▶ _Work request_: All lines from the top of the records below through the line holding "- 下蹲至前侧大腿与身体呈9", and only those, should be printed exactly, minus the pictures.

=== Begin Enclosure ===

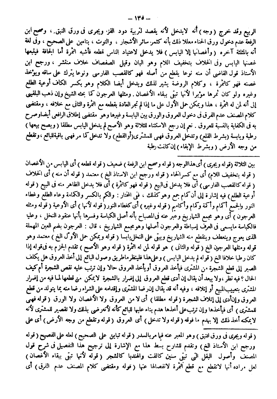 ـــــــــــــــــــــــــــــQقَوْلُهُ: وَيَجْرِي فِي وَرَقِ النَّبْقِ) وَهُوَ الْمُعَبَّرُ عَنْهُ فِيمَا مَرَّ بِالسِّدْرِ. (قَوْلُهُ: بِتَاءَيْنِ عَلَى الصَّحِيحِ) لَعَلَّهُ عَلَى الْفَصِيحِ. (قَوْلُهُ: وَرَجَّحَ ابْنُ الْأُسْتَاذِ إلَخْ) وَتَقَدَّمَ لِلشَّارِحِ بَسْطُ هَذَا مَعَ الْإِشَارَةِ إلَى تَرْجِيحِ هَذَا التَّفْصِيلِ فِي شَرْحِ قَوْلِ الْمُصَنِّفِ وَأُصُولُ الْبَقْلِ الَّتِي تَبْقَى سِنِينَ كَالْقَتِّ وَالْهِنْدَبَا كَالشَّجَرِ. (قَوْلُهُ: لِأَنَّهَا تَبْقَى بِبَقَاءِ الْأَغْصَانِ) لَعَلَّ مُرَادَهُ أَنَّهَا لَا تُقْطَعُ مَعَ قَطْعِ الثَّمَرَةِ لِانْفِصَالِهَا عَنْهَا. (قَوْلُهُ: وَمُقْتَضَى كَلَامِ الْمُصَنِّفِ عَدَمُ الْفَرْقِ) أَيْ
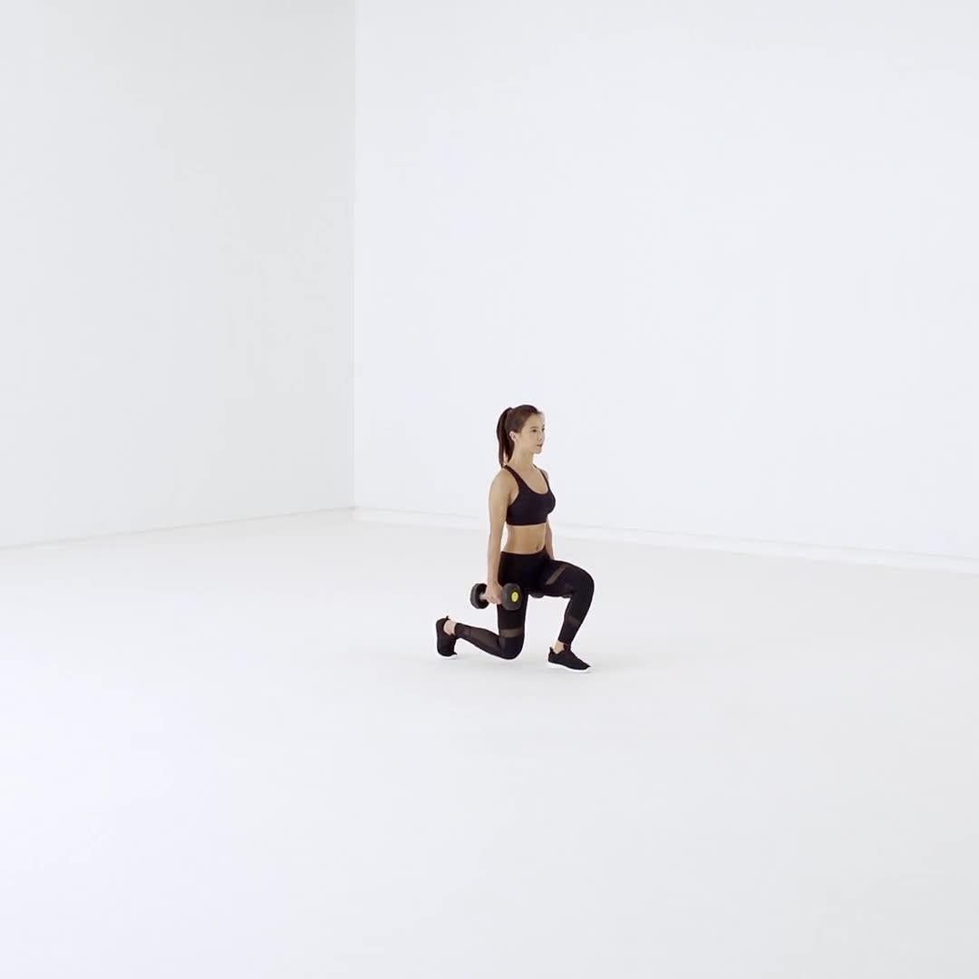 - 下蹲至前侧大腿与身体呈90°角,前侧大腿与小腿呈90°角,后侧大腿与小腿呈90°角;略作停顿,前侧腿发力站起回到起始位置
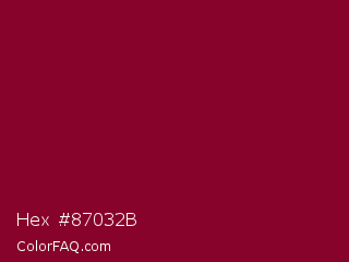 Hex #87032b Color is a dark rose color and the nearest color is Paprika #8d0226. Hex code #87032b and RGB value is rgb(135,3,43). In RGB color space, this color is composed of 53% red, 1% green, 17% blue, In CMYK color space, this color is composed of 0% cyan, 98% magenta, 68% yellow , 47% black , In HSL color space, this color has a hue angle of 342° , 96% saturation and 27% lightness.
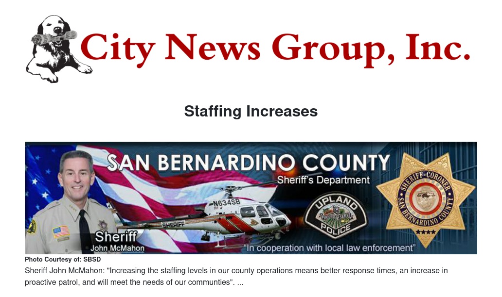 As a commitment to serve the residents of San Bernardino County, Sheriff John McMahon, in collaboration with the San Bernardino County Board of Supervisors, developed an action plan for the implementation of 15 additional deputy sheriff's to unincorporated county patrol stations over a six month period. In January 2014, Sheriff McMahon allocated a total of five deputy sheriff's to the Victor Valley and Morongo Basin Stations. An increase of six additional deputies will be added to the Fontana and Central Stations during the first weeks of April, 2014. The third deployment of additional resources will take place in June, 2014 and will be directed to the Victor Valley Station. "Increasing the staffing levels in our county operations means better response times, an increase in proactive patrol, and will meet the needs of our communties"said Sheriff John McMahon.
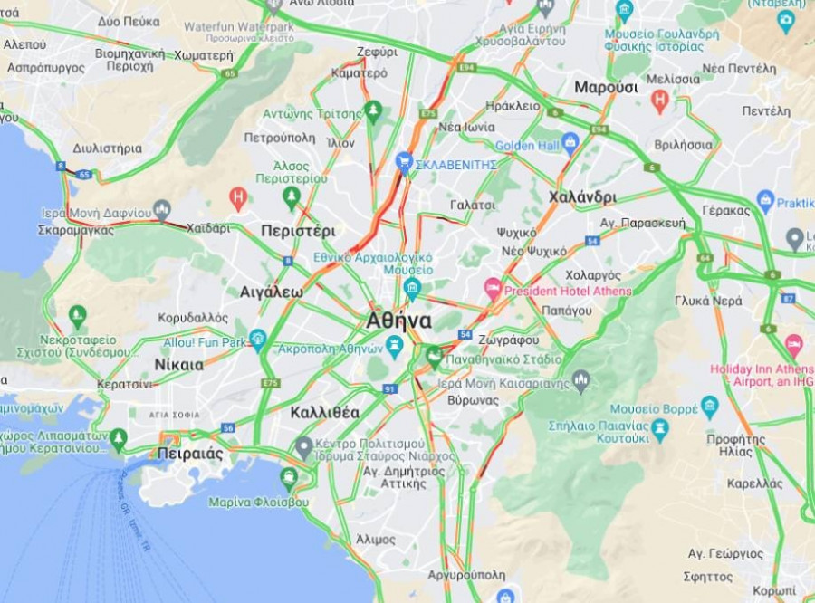 Συγκεκριμένα, μποτιλιάρισμα εντοπίζεται στη Λεωφόρο Κηφισού, στην άνοδο από το ύψος του Περιστερίου έως τη Νέα Φιλαδέλφεια και στην κάθοδο από την Αττική Οδό έως την Πέτρου Ράλλη.

=== End Enclosure ===

▶ _Answer to this exercise_:
 ـــــــــــــــــــــــــــــQقَوْلُهُ: وَيَجْرِي فِي وَرَقِ النَّبْقِ) وَهُوَ الْمُعَبَّرُ عَنْهُ فِيمَا مَرَّ بِالسِّدْرِ. (قَوْلُهُ: بِتَاءَيْنِ عَلَى الصَّحِيحِ) لَعَلَّهُ عَلَى الْفَصِيحِ. (قَوْلُهُ: وَرَجَّحَ ابْنُ الْأُسْتَاذِ إلَخْ) وَتَقَدَّمَ لِلشَّارِحِ بَسْطُ هَذَا مَعَ الْإِشَارَةِ إلَى تَرْجِيحِ هَذَا التَّفْصِيلِ فِي شَرْحِ قَوْلِ الْمُصَنِّفِ وَأُصُولُ الْبَقْلِ الَّتِي تَبْقَى سِنِينَ كَالْقَتِّ وَالْهِنْدَبَا كَالشَّجَرِ. (قَوْلُهُ: لِأَنَّهَا تَبْقَى بِبَقَاءِ الْأَغْصَانِ) لَعَلَّ مُرَادَهُ أَنَّهَا لَا تُقْطَعُ مَعَ قَطْعِ الثَّمَرَةِ لِانْفِصَالِهَا عَنْهَا. (قَوْلُهُ: وَمُقْتَضَى كَلَامِ الْمُصَنِّفِ عَدَمُ الْفَرْقِ) أَيْ
 - 下蹲至前侧大腿与身体呈90°角,前侧大腿与小腿呈90°角,后侧大腿与小腿呈90°角;略作停顿,前侧腿发力站起回到起始位置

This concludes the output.